The "Redondo Beach Pier" is a huge complex containing numerous shops and restaurants, fresh fish markets, amusement games, ample underground parking, and lots of space for fishermen. The misnamed pier is actually two piers. The first is the recently rebuilt Redondo Beach Municipal Pier. It's shape, which resembles a large horseshoe, explains the name affectionately bestowed upon it by many locals -- the Horseshoe Pier. Connected to the municipal pier on the south end is the smaller 300-foot-long Monstad Pier, a pier which is basically reserved for fishing.
Night action will also often see a variety of sharks and rays. Large bat rays as well as some of the deeper water sharks, including thresher sharks and blue sharks, will be landed. Best bait seems to be squid or a whole small fish, such as mackerel. Remember to bring a treble hook gaff and strong rope to heft the prize up to the pier. I have been told, but can't verify it, that both hammerhead sharks and bonito sharks (mako) have been landed at the pier.

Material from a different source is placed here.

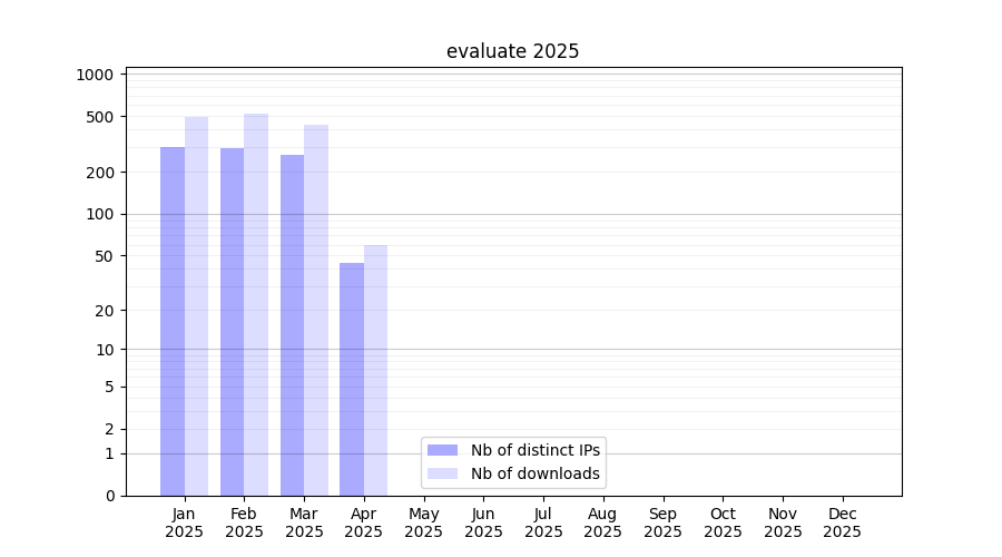 Number of downloads for experiment package evaluate, year by year, from 2025 back to 2014 (years with no downloads are omitted):

An interesting technique that I first heard about at this pier concerns squid and bat rays. On a Message Board discussion concerning the best techniques for large bat rays, one communicant, YTail Stud, said he used squid and live bait. He said you first catch a small sardine or smelt and then place it in a bucket. Next, using a whole thawed squid, cut an opening in the squid and place the live bait inside the squid body. Hook the live bait through the squid body. The result is a squid that appears to be life-like as it move about because of the enclosed fish. He recommended using this with a heavy rigging near the breakline on an incoming tide.
Although surf species are not as common, I have caught several nice yellowfin croaker while fishing the early evening hours in the inner section of the horseshoe pier, and surprisingly these were caught on cut anchovy. Although most anglers seem to want to automatically fish the deepest water and cast out from the outer railings, don't be afraid to try the inner waters.